With respect to the formulation development, a brief summary describing the development of the herbal medicinal product should be provided, taking into consideration the proposed route of administration and usage. Results comparing the phyto-chemical composition of the products used in supporting bibliographic data and the herbal medicinal product applied for shall be discussed, where appropriate.
In the case of an orphan medicinal product in the meaning of Regulation (EC) No 141/2000, general provisions of Part II-6 (exceptional circumstances) can be applied.
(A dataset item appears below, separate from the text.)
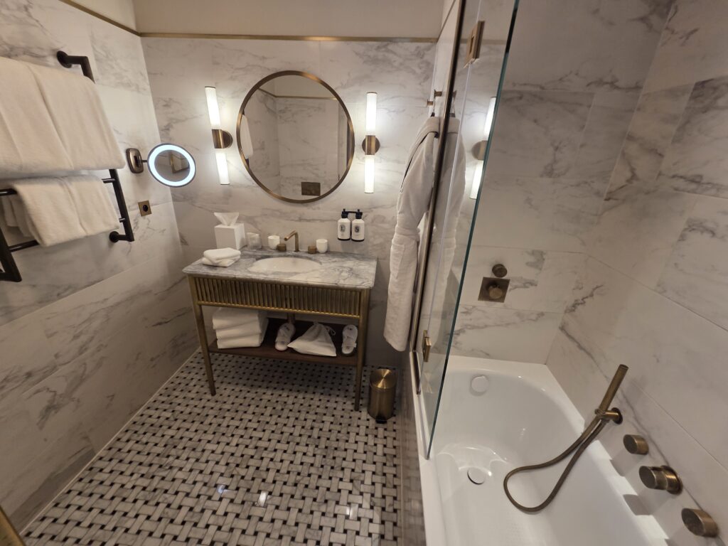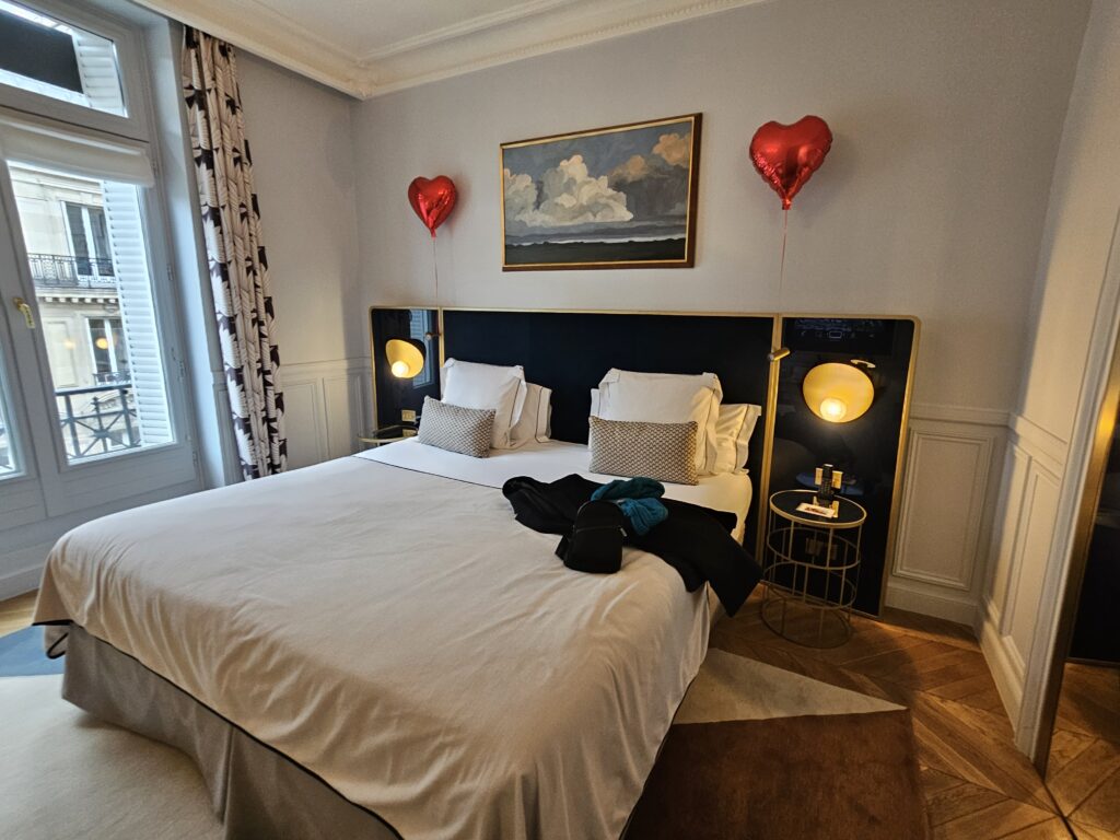 We walked a block back to the hotel and arrived to find the bed had been turned down, and cans of spring water were left on each bedside table and some jazz was playing in the room. Oddly enough, the song was c’est si bon. Nice touch.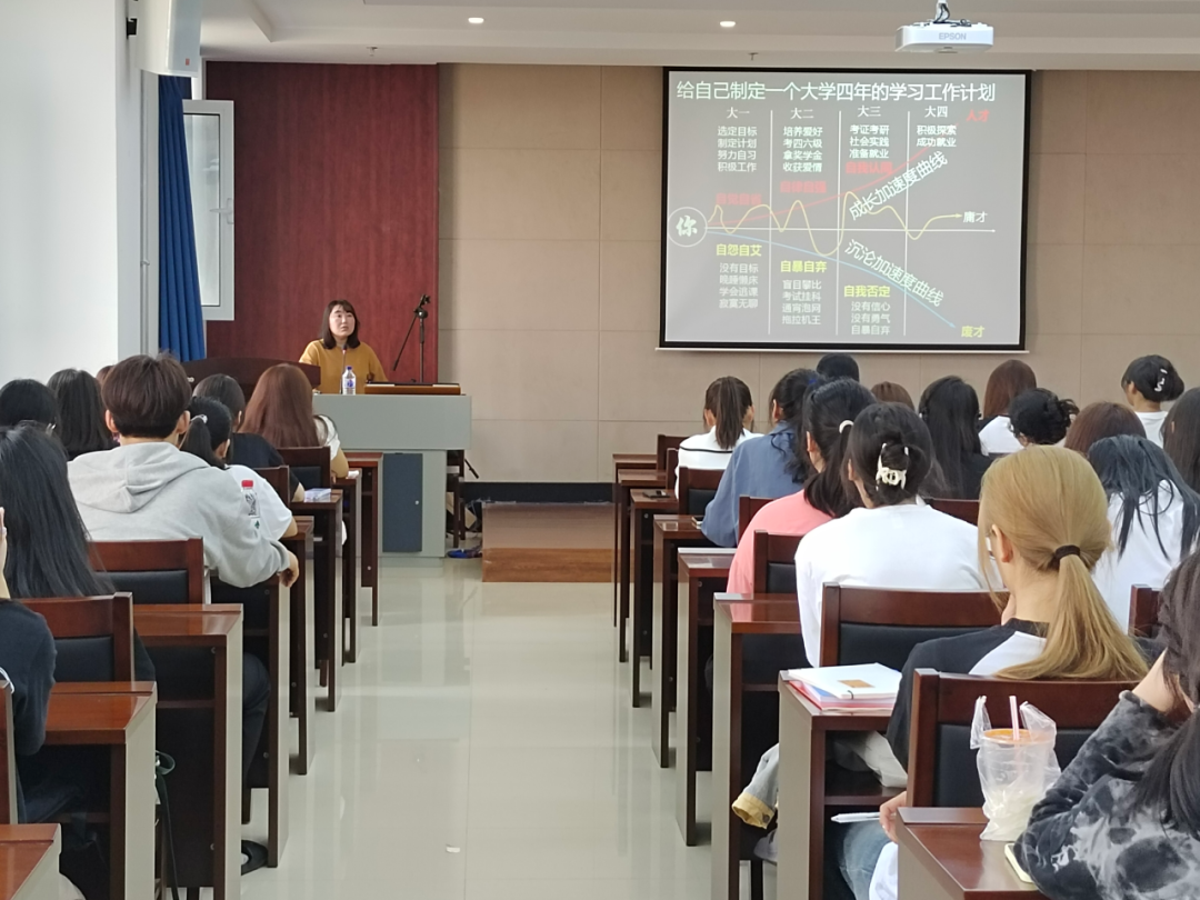 在班会上同学们思考了自己大学四年的学习工作计划,刘明慧老师也详细提出了对同学们大一到大四的建议和要求:

The applicant shall then justify in the non-clinical and clinical summaries the reasons for which it is not possible to provide the complete information and shall provide a justification of the benefit/risk balance for the orphan medicinal product concerned.
When an applicant for an marketing authorisation for an orphan medicinal product invokes the provisions of Article 10 (1)(a)(ii) and Part II-1 of this Annex (well-established medicinal use), the systematic and documented use of the concerned substance can refer — as way of derogation — to the use of that substance in accordance with the provisions of Article 5 of this Directive.]